Florida insurance companies appear to have avoided what could have been a catastrophic hit after damage estimates from Hurricane Irma on Monday fell sharply due to last-minute shifts in the storm's trail of destruction.
The storm spared cities on Florida's eastern coast, which analysts said reduced the potential losses considerably.
"Our nightmare scenario did not materialize," Shahid Hamid, director of the insurance laboratory at Florida International University's hurricane research center, told AFP.
"The storm shifted track. Bad luck for the west coast but we're very happy."
Initial models showed the storm's path would take it over three major urban areas -- Miami, West Palm Beach and Ft. Lauderdale -- where residential and commercial real estate values are about $1.2 trillion.
But having strafed the Caribbean, the storm veered slightly to the west.
Hamid, who oversees stress-testing of Florida insurers to verify they can absorb the costs of the storms that routinely hit the state, said a $100 billion storm could have threatened the viability of the state's insurers.
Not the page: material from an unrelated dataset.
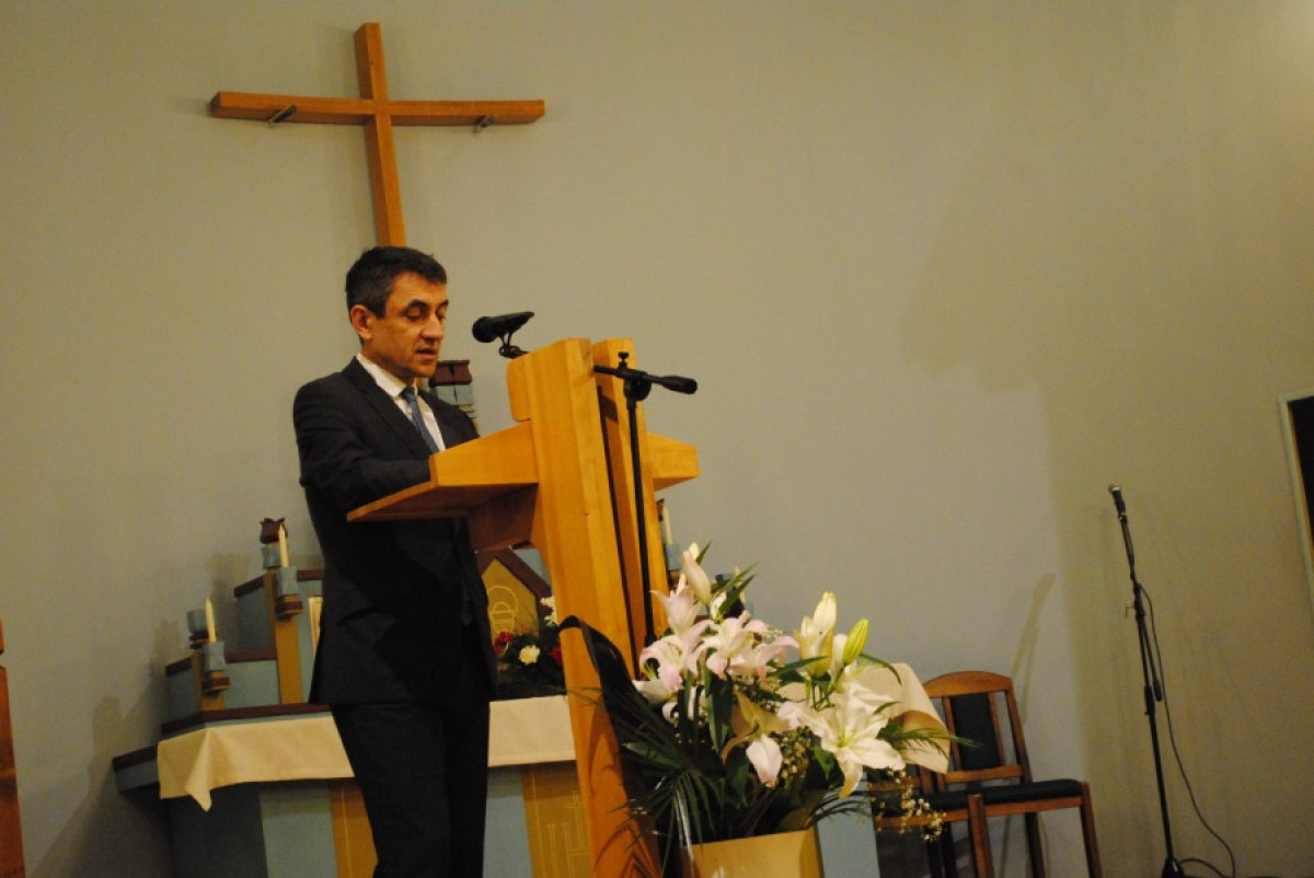 – Ezekkel a gondolatokkal kezdődik Márton Áron első püspöki körlevele, és az a 41 éves út, amely során Márton Áron nemcsak a gyulafehérvári püspökség, de az erdélyi magyarság, s egyben az egész magyar nemzet sorsát a vállára vette. Ebben a feladatvállalásban egyszerre volt alázat és bátorság, határozottan, és az Úrban bizakodva állt neki a munkának. A nagy szellemeknek ez a kettős jellemvonása egész életében elkísérte. Márton Áron az egyszerű emberek nyelvén értett és beszélt, nem fáradt meg a gyülekezetek, az iskolák, a közösségek látogatásában. Azt írják róla, hogy munkája során nem szégyellte kikérni a társadalom világi kutatóinak, a szakértőknek a véleményét, népszerűségét szerény visszafogottsággal viselte. Életpéldájában nagy szerepe van Szent István intelmeinek, ami így hangzik: semmi sem emel fel, csakis az alázat, és semmi sem taszít le, csakis a gőg. Biztos vagyok benne, hogy ha itt lenne köztünk, Márton Áron ma is alázattal, szelíden, a szeretet hangján szólna hozzánk, intve és tanítva minket arra, hogy sohse tekintsük magunkat értékesebbnek felebarátainknál. Márton Áron igazi nagyságát az adja, hogy nem félt kimondani az igazságot, pedig egy olyan korban élt, amikor nagyon kevesen merték megtenni ezt. A legnehezebb időszakban kezdte meg munkáját, amikor világrendek törtek össze, családok szakadtak szét, s amikor az egyházi rendeket nem illetett kitüntetés. Márton Áron egyszerre harcolt értünk és az igazságért. Tartozunk neki azzal, hogy ne merüljön feledésbe, ne tűnjön el mindaz, amit hátrahagyott nekünk. A nemzetpolitikai államtitkárság ezért hirdette meg a Márton áron emlékévet. Örülök, hogy Áder János köztársasági elnök, és Jakubinyi György érsek vállalták a fővédnökséget. Az év során további konferenciák, kiállítások és iskolai vetélkedők segítenek felidézni és újragondolni Márton Áron tevékenységét. Ehhez azonban csak akkor maradhatunk hűek, ha vállaljuk azt az örökséget, amit ő reánk hagyott. Ha nem hallgatunk, hanem bátran felszólalunk hitünk és nemzetünk megtartása érdekében. Erről is tegyünk fogadást, amikor emléke előtt meghajlunk – zárta gondolatait Potápi Árpád János.

Damage of that magnitude raised questions about "how many insurance companies can really cope with a hurricane like Irma," he said last week, adding that with "exceptionally high" losses, "all bets may be off" for the companies.
Financial analysis company Demotech told The Miami Herald local insurers had a total claims-paying capacity of $60 billion, so even the lower damage estimates are significant.
Catastrophe modeling firm AIR Worldwide cut its estimate of insured losses down to a range of $20 billion to $40 billion, lowering the maximum by $25 billion.
Prior to landfall, disaster modeling firm Enki Research and AccuWeather each forecast the total economic toll from Irma at $100 billion or more in the US alone.
But Enki Research founder Chuck Watson told AFP on Monday his latest economic damage estimate had dropped to $50 billion: "Not as bad as it could have been but bad enough."